The following piece was contributed by Anne Freeman of Australian law firm, Piper Alderman.

Virgin Australia, which has been sued by investors who purchased unsecured notes in the airline based on statements in a 2019 prospectus for a capital raising, has been ordered to advise the lead applicant in the class action whether its has made a claim against its insurer for its costs and any liability in the class action, and whether its insurer has agreed to grant indemnity.  It has also been ordered to produce copies of any insurance policies which might respond to the claims made in the class action[i].

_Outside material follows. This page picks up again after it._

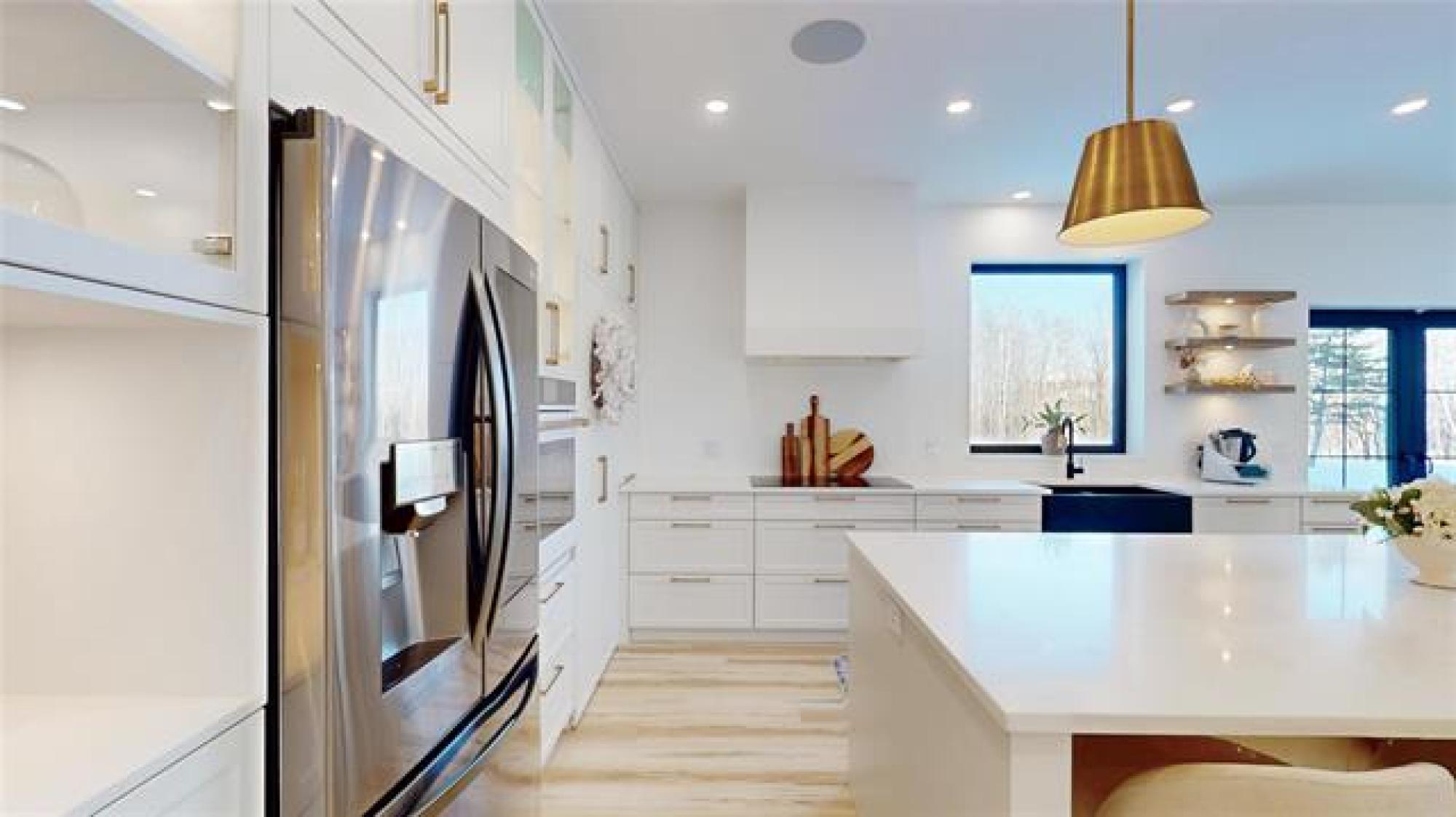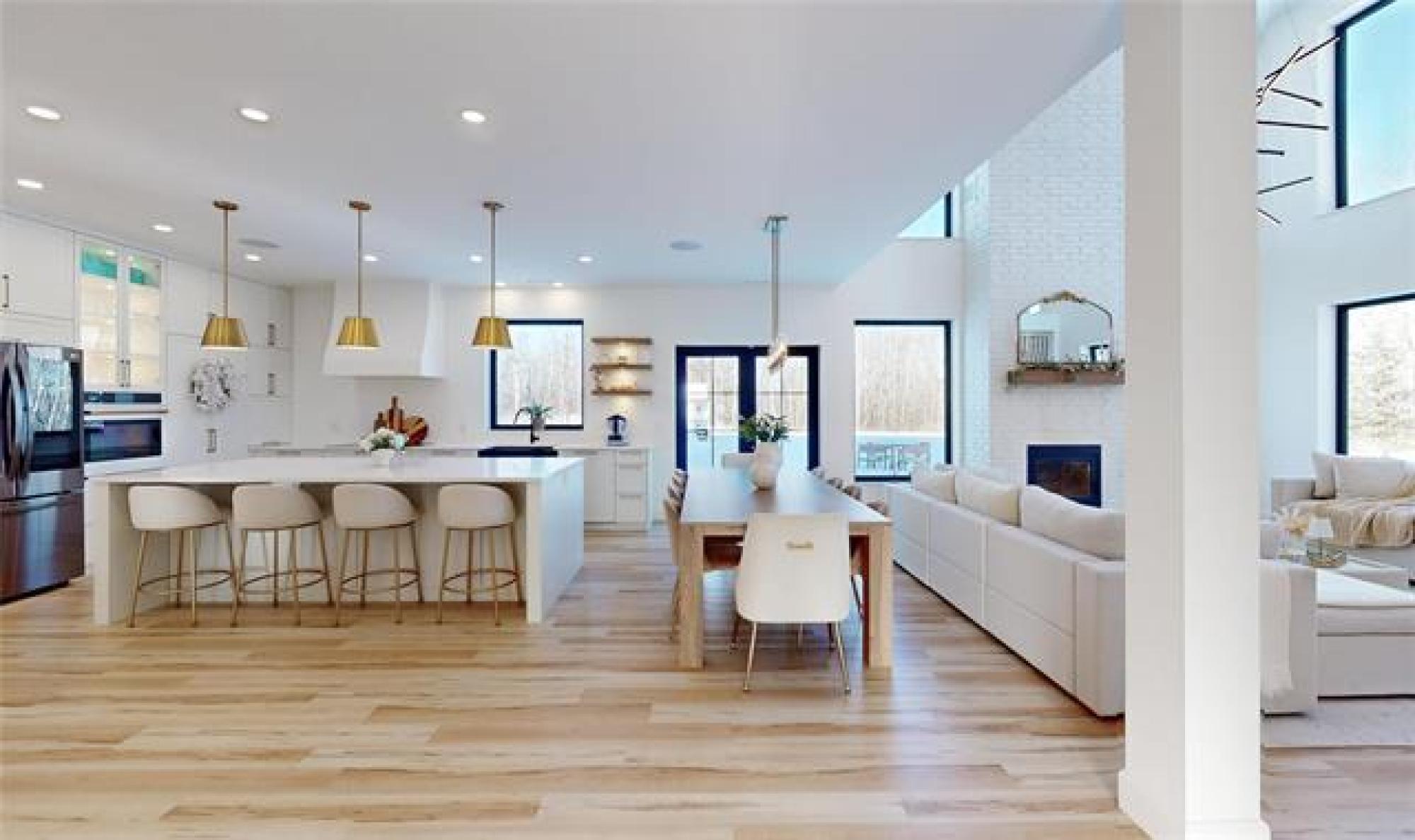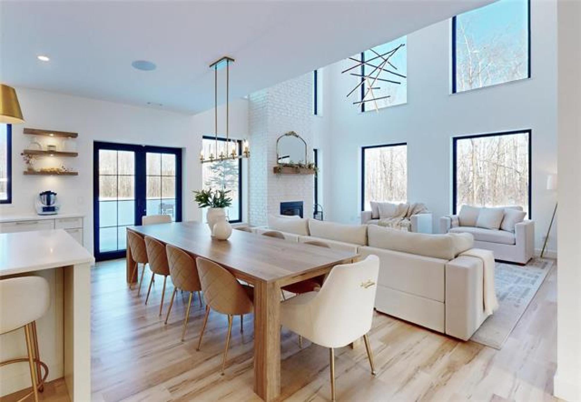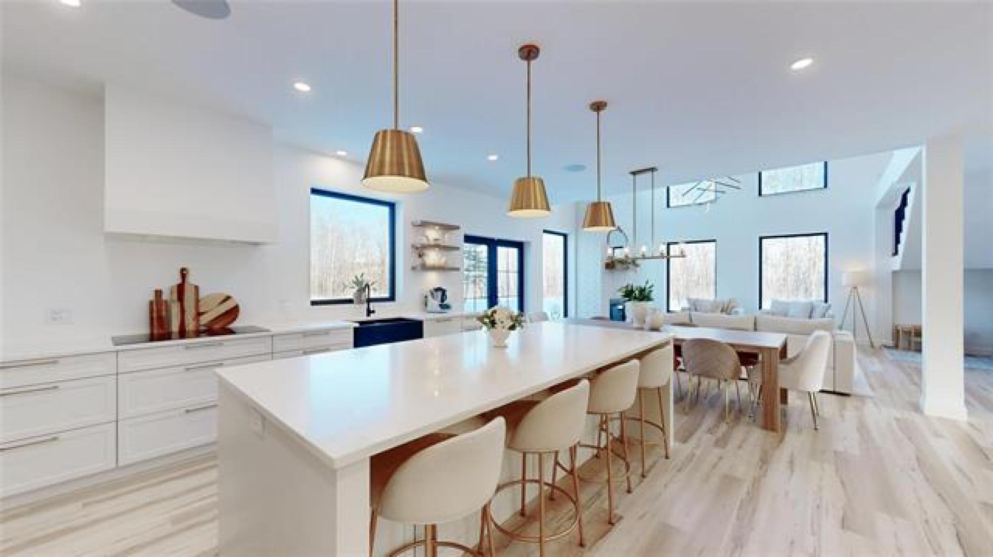 Welcome to this luxurious and stunning 5-bedroom, 3-bathroom home, perfectly set on a private, treed lot in the quiet neighbourhood of Lake Riviera Estates. Designed with high-end finishes and striking architectural detail this home offers exceptional space, comfort and style! The main floor features a bright open-concept kitchen and living area with 19ft ceilings, impressive open-to-above design, oversized windows, and a striking wood-burning fireplace. The dining area includes patio doors leading to the backyard—perfect for entertaining. Two dedicated office spaces make working from home easy. Upstairs, you’ll find three spacious bedrooms and two full bathrooms, including a beautiful primary suite with a luxurious ensuite and a large custom walk-in closet. A massive loft and rec room provide versatile space for family living or relaxation. All bedrooms offer generous layouts and large windows! All interior walls are insulated with extra soundproofing to reduce noise transfer. Heated flooring on the main floor and in the garage ensures year-round comfort. Surrounded by trees, this exceptional property offers refined modern living in a peaceful setting! Call to schedule your showing today!

The orders made are in contrast to a 2020 decision of the Court[ii], which found that the case management powers of the Court did not empower it to order the disclosure of the respondent’s insurance policies in class actions.  In that case, very similar orders were sought, namely for production of policies and for communications regarding the insurer’s position on the grant of indemnity.  The applicant in that case relied upon a 2019 Federal Court authority, Simpson v Thorn Australia Pty Ltd trading as Radio Rentals[iii] , which had resulted in orders for the production of insurance information, to argue that the documents were relevant to inform the applicant whether further prosecution of the proceedings was commercially viable and whether mediation was appropriate and, if so, what the appropriate quantum of settlement might be.  The applicant also argued that the documents were relevant to the approval of the settlement and to determine whether action against the insurer may be needed to obtain a declaration of indemnity.  The judge disagreed, taking the conventional position that insurance information is not relevant to the proof of a cause of action in the proceedings and is therefore not discoverable, and noting that the case management powers of the Court were not designed to “confer an asymmetric commercial advantage in favour of one party at the expense of another” in mediations.  Beach J also rejected the suggestion that the documents were needed for any settlement approval, and distinguished the position in Simpson where leave had been granted to bring a claim against the insurer.

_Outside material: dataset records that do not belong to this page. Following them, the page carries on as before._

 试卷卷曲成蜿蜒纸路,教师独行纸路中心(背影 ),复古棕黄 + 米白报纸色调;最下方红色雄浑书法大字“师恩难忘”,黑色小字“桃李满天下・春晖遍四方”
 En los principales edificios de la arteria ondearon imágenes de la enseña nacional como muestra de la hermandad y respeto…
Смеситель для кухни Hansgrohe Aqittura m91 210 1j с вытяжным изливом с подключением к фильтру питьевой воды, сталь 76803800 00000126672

The orders are also in contrast to a decision of another Federal Court judge, who declined an application by a shareholder to access insurance policies under a discretionary power which may allow shareholders access to the books and records of the company, if the application is made in good faith and for a proper purpose[iv].  That decision was based upon a finding by the judge that the claims made by the class members did not arise from their rights and entitlements as shareholders but rather as potential investors, and that therefore the application was not brought for a proper purpose.

The orders in Virgin Australia were made in the context of a Deed of Company Arrangement and the need to consider which claims against the company were covered by insurance.  That made the insurance position relevant, and distinguishes it from the decision in Evans.  However, the decision does show that accessing insurance information is a matter to be considered carefully in the circumstances of the individual case.  There are mechanisms available to obtain insurance information, which is obviously valuable in considering the recoverability of any funded claim.  Early consideration should be given in each class action as to potential means to obtain this information.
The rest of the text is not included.